Bir zamanlar kasabanın birinde, rengarenk çiçeklerin, kuş cıvıltılarının ve gülümseyen insanların yaşadığı bir yer varmış. O kasabada Minik Arda adında, meraklı ve neşeli bir çocuk yaşarmış. Arda’nın en büyük tutkusu resim yapmakmış. Elinden boya fırçası hiç düşmez, boş bulduğu her kağıda bir şeyler çizer, renkleriyle hayal dünyasını süsler dururmuş.

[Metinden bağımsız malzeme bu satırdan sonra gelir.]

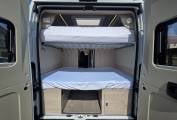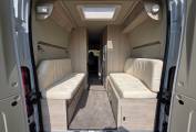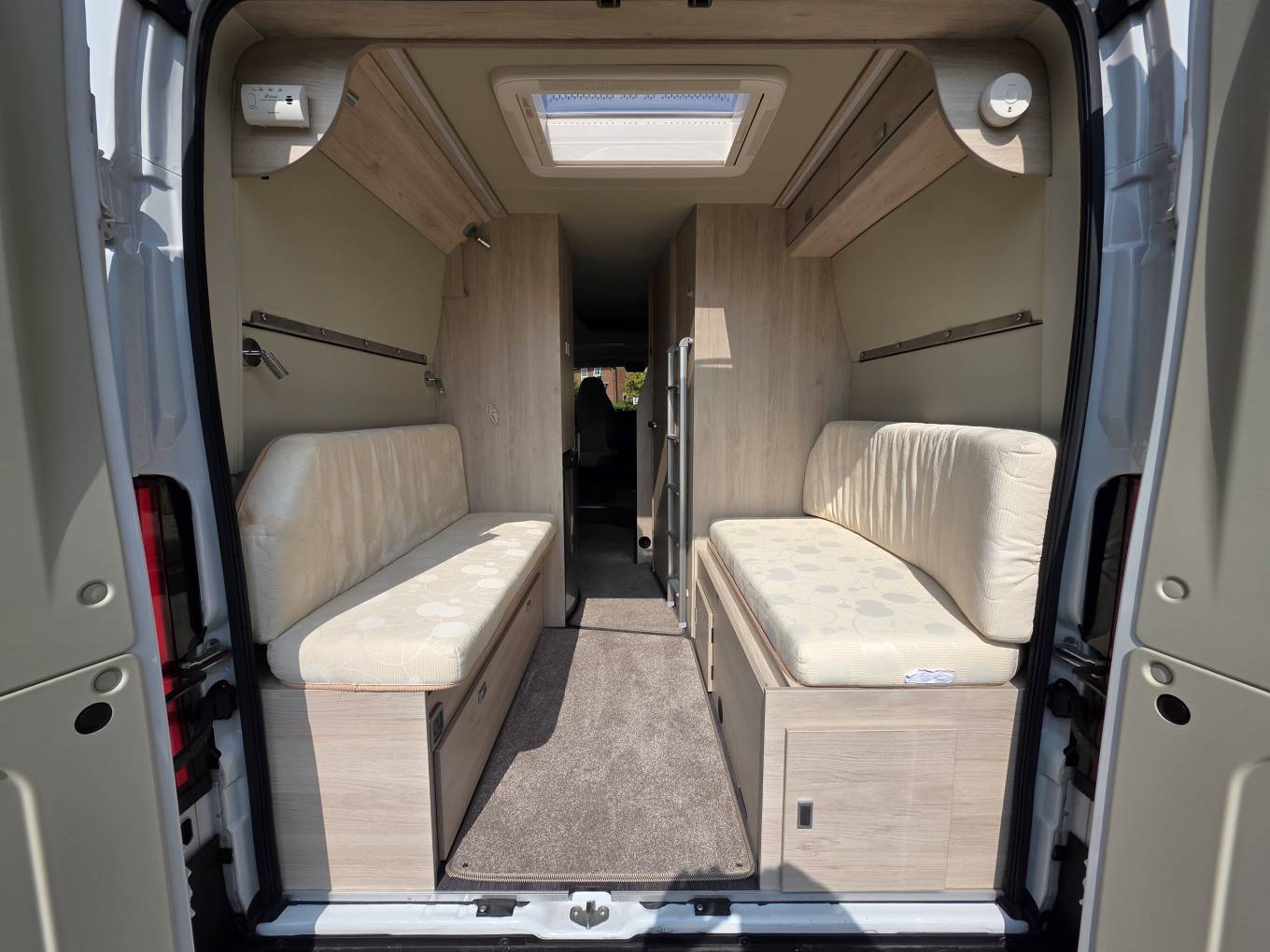 At the rear, the motorhome has a clever design feature. The two transverse beds are positioned so that one double is below and another above, however these can be removed to make up additional storage, to make a garage space below the higher bed. This allows room for a large number of items including bikes, whilst leaving a transverse double bed up top. Alternatively, you can leave the lower bed in and use it as a comfortable two berth motorhome, with the option of a rear lounge.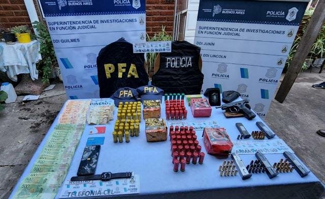 Los efectivos incautaron una pistola, una chapa pecho policial, dos gorras con la inscripción Policía Federal, dos chalecos tácticos de fuerzas de seguridad, cinco cargadores, un teléfono celular, dinero y numerosas municiones.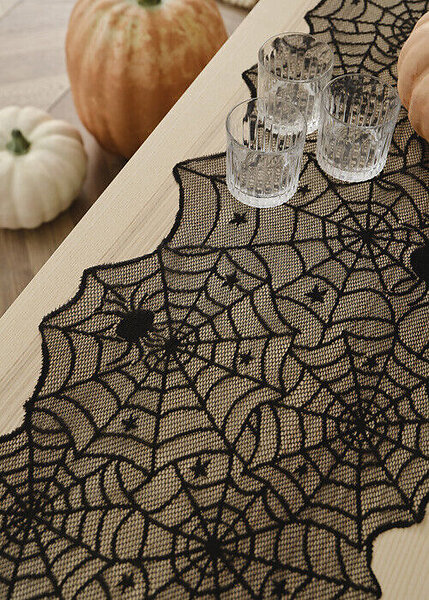 Ginger Ray HAR-112 Halloween Black Spider Web Table Runner

Bir sabah annesi, Arda’ya güzel bir sürpriz yapmış.“Arda, bak ne getirdim sana!” diyerek, içinde yedi farklı renk bulunan yepyeni bir boya kutusu vermiş. Kutunun kapağını açınca içinden parıl parıl parlayan kırmızı, turuncu, sarı, yeşil, mavi, lacivert ve mor boyalar görünmüş. Arda heyecanla kutuya bakmış ama hemen kırmızı ve maviyi alıp resim yapmaya başlamış. Çünkü onun en sevdiği renkler bunlarmış. Kırmızı onun için enerji demekmiş, mavi ise huzur… Diğer renklerse Arda’nın gözünde sanki önemsizmiş. “Bunlar bana yeter,” dermiş hep. Günler geçmiş, Arda her resmini kırmızı evlerle, mavi gökyüzüyle doldurmuş. Ama bir süre sonra resimleri birbirine benzemeye başlamış. Oyun oynarken bile bazen sıkılır olmuş çünkü hep aynı renkleri kullanmak artık eskisi kadar heyecan vermiyormuş. Bir sabah gökyüzünü gri bulutlar kaplamış, ardından yağmur yağmaya başlamış. Arda pencere kenarına oturmuş, yağmur damlalarının cama vurmasını dinlemiş. Yağmur dinince bir mucize olmuş! Gökyüzünde kocaman, ışıl ışıl bir gökkuşağı belirmiş. Arda hayranlıkla bakakalmış. “Vay canına! Bu ne kadar güzel!” demiş. Tüm renkler sırasıyla gökyüzünde dans ediyormuş: kırmızı, turuncu, sarı, yeşil, mavi, lacivert ve mor… Renkler birbirine karışmadan ama birlikte parlıyorlarmış. Arda koşarak annesinin yanına gitmiş. “Anne! Gökyüzü sanki bir tablo gibi! Bu kadar çok renk nasıl bir arada durabiliyor?” diye sormuş. Annesi gülümsemiş. “Her rengin kendi güzelliği var, Arda,” demiş. “Gökkuşağı bize bunu hatırlatır. Renkler bir araya gelince güzellik ortaya çıkar. Tıpkı arkadaşların gibi; her biri farklı ama hepsi bir aradayken eğlenceli.” Arda düşünmüş, “Acaba ben de resimlerimde tüm renkleri denesem nasıl olurdu?” Ertesi gün Arda boya kutusunu açmış. Bu kez kırmızı ve mavinin yanında turuncu, sarı ve yeşili de kullanmaya karar vermiş. Fırçasını önce yeşile batırmış ve yemyeşil bir çayır çizmiş. Ardından sarıyla güneşi boyamış. Turuncuyla da çiçeklerin yapraklarına renk katmış. Fırçası kağıtta dans ettikçe Arda’nın içi kıpır kıpır olmuş. Renkler birbirine karıştıkça yeni tonlar ortaya çıkmış: açık yeşiller, morla karışan maviler, altın gibi parlayan turuncular… Resim bittiğinde Arda bir adım geri çekilmiş. “Bu şimdiye kadar yaptığım en güzel resim!” demiş gururla.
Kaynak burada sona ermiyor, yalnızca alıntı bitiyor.